Debugging resource annotation issues

I use resource annotations (Worker Resources — Dask.distributed 2023.11.0+22.gdc06ce4 documentation) to ensure several GPU tasks are not simultaneously executed by various threads, as it can lead to OOMs.

However this mechanism is turning out to be brittle and minor unrelated changes to the pipeline are leading to simultaneous execution.

From

In most cases (such as the case above) the annotations for y may be lost during graph optimization before execution.

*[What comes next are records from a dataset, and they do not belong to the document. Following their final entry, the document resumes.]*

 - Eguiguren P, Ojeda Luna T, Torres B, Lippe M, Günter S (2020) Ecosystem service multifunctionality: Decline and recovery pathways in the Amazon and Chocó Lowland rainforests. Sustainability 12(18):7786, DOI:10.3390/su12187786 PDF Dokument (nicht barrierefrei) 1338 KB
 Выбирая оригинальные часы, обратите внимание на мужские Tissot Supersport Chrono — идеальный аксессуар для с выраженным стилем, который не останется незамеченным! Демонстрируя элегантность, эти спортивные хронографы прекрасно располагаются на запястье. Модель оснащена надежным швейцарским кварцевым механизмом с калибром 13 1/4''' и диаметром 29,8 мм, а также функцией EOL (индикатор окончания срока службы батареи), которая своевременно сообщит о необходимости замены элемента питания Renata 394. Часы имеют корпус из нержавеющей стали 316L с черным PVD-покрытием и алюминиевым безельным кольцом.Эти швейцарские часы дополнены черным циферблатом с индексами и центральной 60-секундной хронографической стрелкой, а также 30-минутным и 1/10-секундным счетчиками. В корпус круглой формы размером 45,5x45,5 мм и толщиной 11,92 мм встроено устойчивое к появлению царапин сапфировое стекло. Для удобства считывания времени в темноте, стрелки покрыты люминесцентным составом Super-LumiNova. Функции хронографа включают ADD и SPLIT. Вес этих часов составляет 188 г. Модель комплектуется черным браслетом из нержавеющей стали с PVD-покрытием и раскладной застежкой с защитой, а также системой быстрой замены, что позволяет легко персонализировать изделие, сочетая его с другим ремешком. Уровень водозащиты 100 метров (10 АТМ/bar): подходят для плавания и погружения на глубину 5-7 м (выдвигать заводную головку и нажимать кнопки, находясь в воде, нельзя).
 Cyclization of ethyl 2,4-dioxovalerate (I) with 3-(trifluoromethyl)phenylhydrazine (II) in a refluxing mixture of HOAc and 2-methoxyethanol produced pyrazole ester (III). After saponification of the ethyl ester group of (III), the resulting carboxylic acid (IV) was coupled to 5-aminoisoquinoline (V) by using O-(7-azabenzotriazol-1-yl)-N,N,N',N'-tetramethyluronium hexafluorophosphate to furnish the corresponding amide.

You can avoid that by passing the optimize_graph=False keyword.

I do understand that resource annotations need not be honored by the scheduler, but I see this behavior even when using optimize_graph=False is being used.

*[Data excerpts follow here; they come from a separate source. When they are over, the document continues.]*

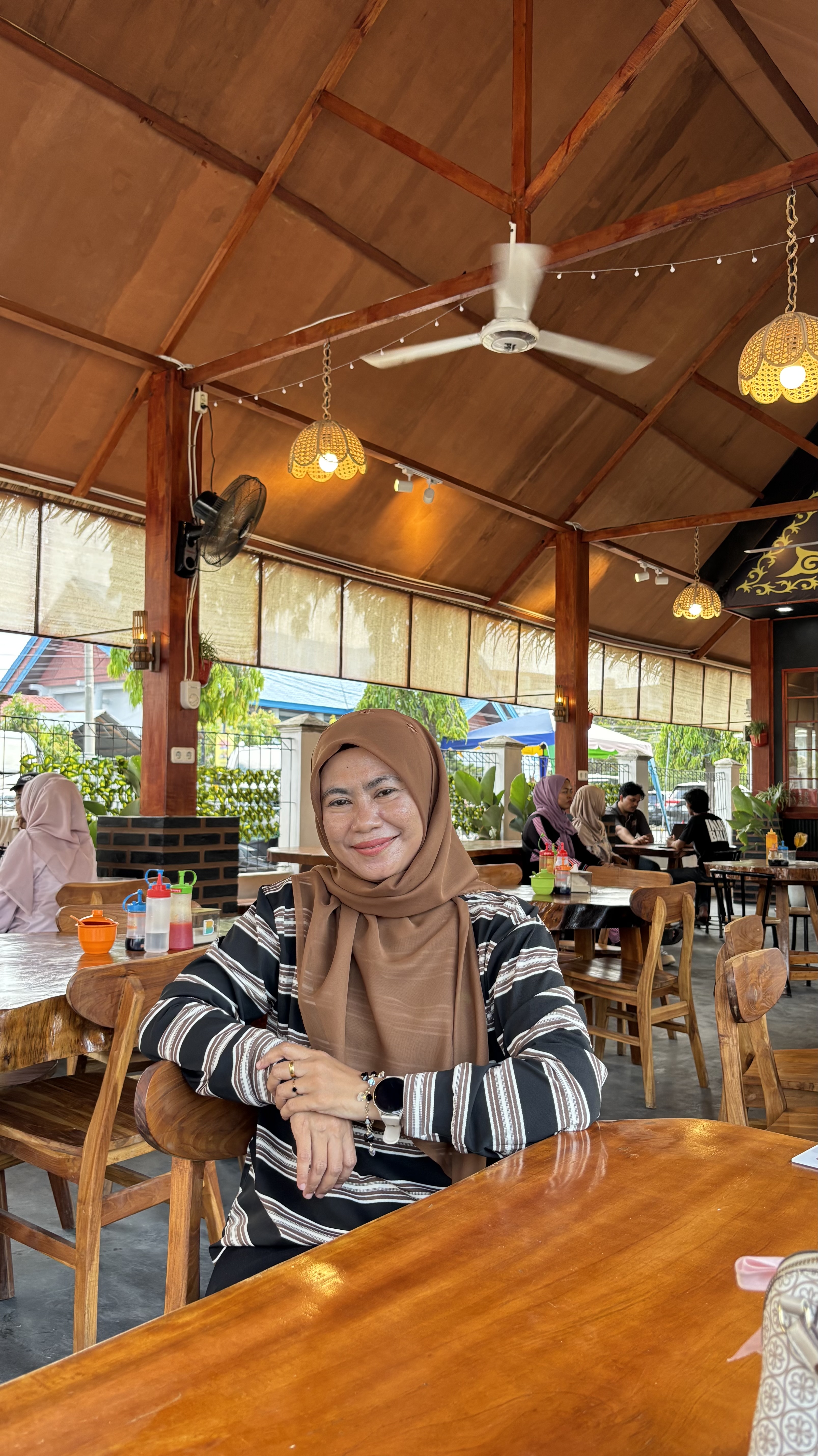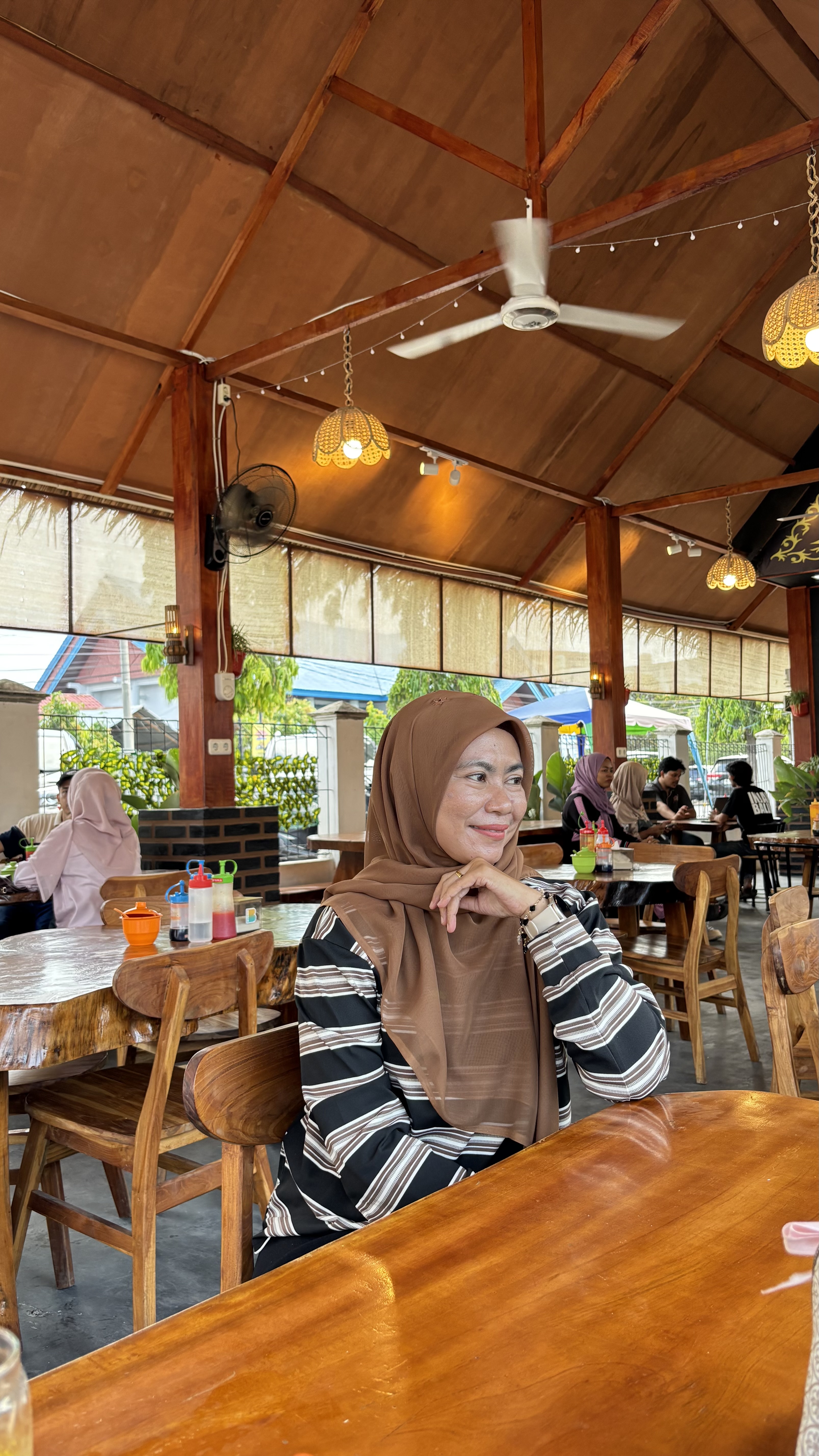 Sembari menanti orderan makanan dan minuman kami kemudian berbincang dan bercanda, sayangnya putri bungsuku tak bisa turug hadir bersama kami berhubung ia sudah kembali mondok.
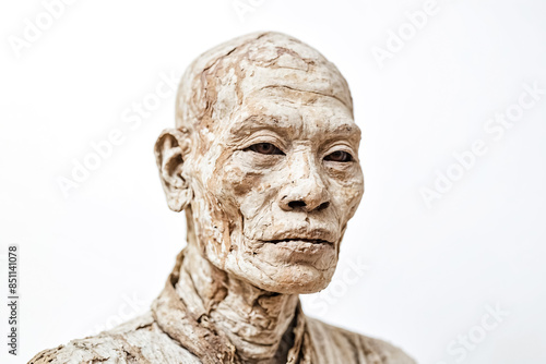 Close-up of a Detailed Clay Sculpture of a Man's Face
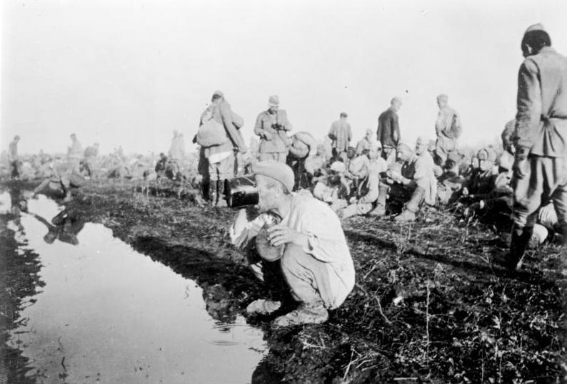 По дороге в лагерь пленных чаще всего ничем не кормили. Люди питались попадавшимися по дороге капустными листьями, корнями, ржаными колосьями с неубранных придорожных полей. Воду пили из дорожных луж. Останавливаться у колодцев или просить напиться и поесть у крестьян воспрещалось. Местные жители с риском для себя передавали пленным продукты. Из Вяземского лагеря в Смоленск, например, в 1941 году из 15 тысяч человек дошли 2 тысячи, остальные погибли от голода и насилия. Практически все мемуары выживших военнопленных описывают свой путь до лагеря как дорогу страданий и голода. Играла свою роль и численность пленных, которых в вермахте не готовы были кормить. Впрочем, часто это не давали делать и местным жителям, которые готовы были спасать умирающих без еды людей.
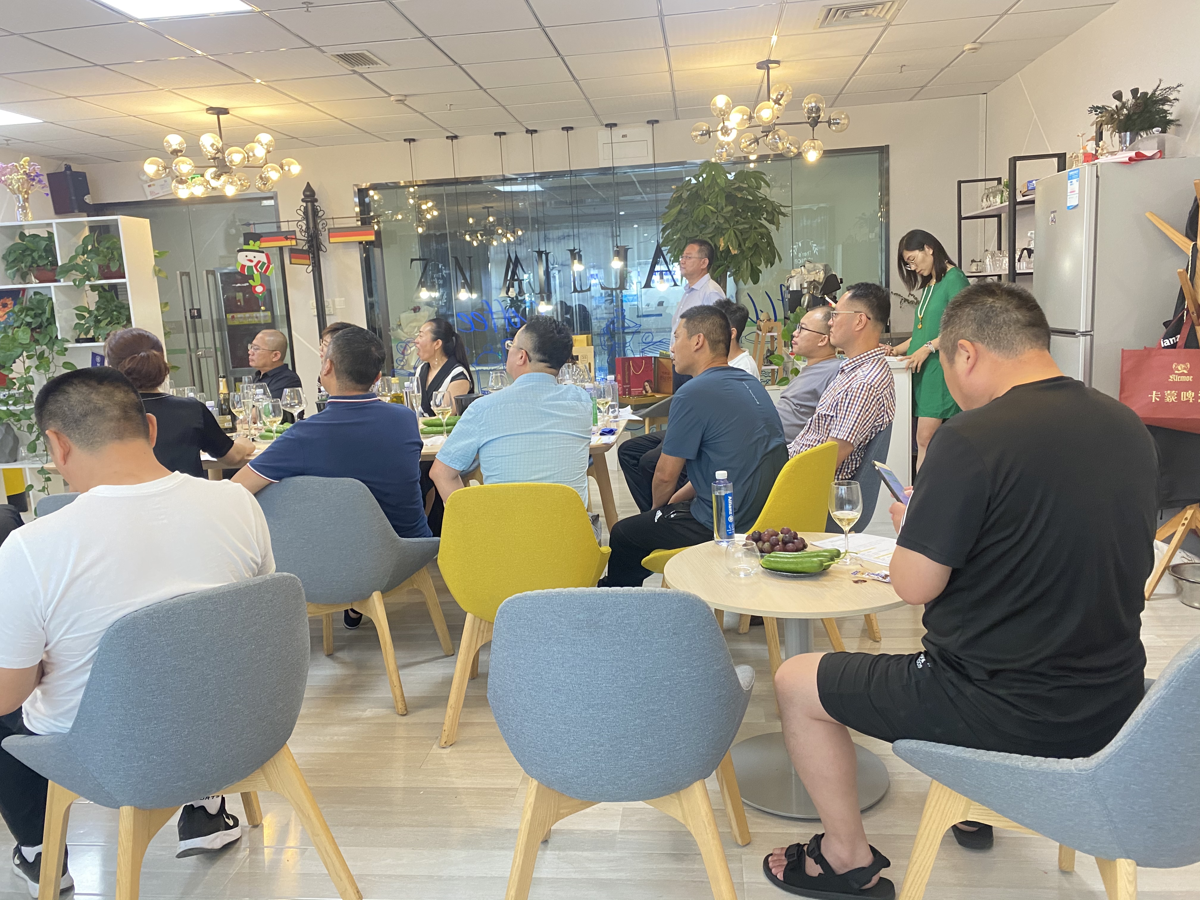 交流会上大家自我介绍并介绍公司,品鉴着美酒伴着美食,有说有笑,加深了彼此的了解,从认识到熟悉,从熟悉到熟知,不仅交流着工作中合作的机会也寻找到了爱好相同、志趣相投的同道中人。

Would it be possible to debug at the scheduler level how the annotations are being used and if they are being honored ?


NOT A CONTRIBUTION

Hm, this looks like a complex problem, and this is probably not normal that resources annotations are not being honored with optimize_graph=False.

Not an expert here, but I can think of two ways of trying to understand why:

  • Dig into the tasks graph or the HighLevelGraph to see if the annotations are taken into account.
  • Build a SchedulerPlugin and use the transition function to see each task annotation.

Hope someone else can chime in to give some better advice.

Alternatively to optimize_graph=False, you should be able to just write

dask.config.set({"optimization.fuse.active": False})

which will leave some optimizations on.
If you are still losing annotations after this please open a ticket with a reproducer.

In order to debug yourself:

x = ... # build dask collection
future = client.compute(x)
key = future.key

async def get_annotations(dask_scheduler):
    while key not in dask_scheduler.tasks:
        await asyncio.sleep(0.01)
    return {ts.key: ts.annotations for ts in dask_scheduler.tasks.values()}

annotations = client.run_on_scheduler(get_annotations)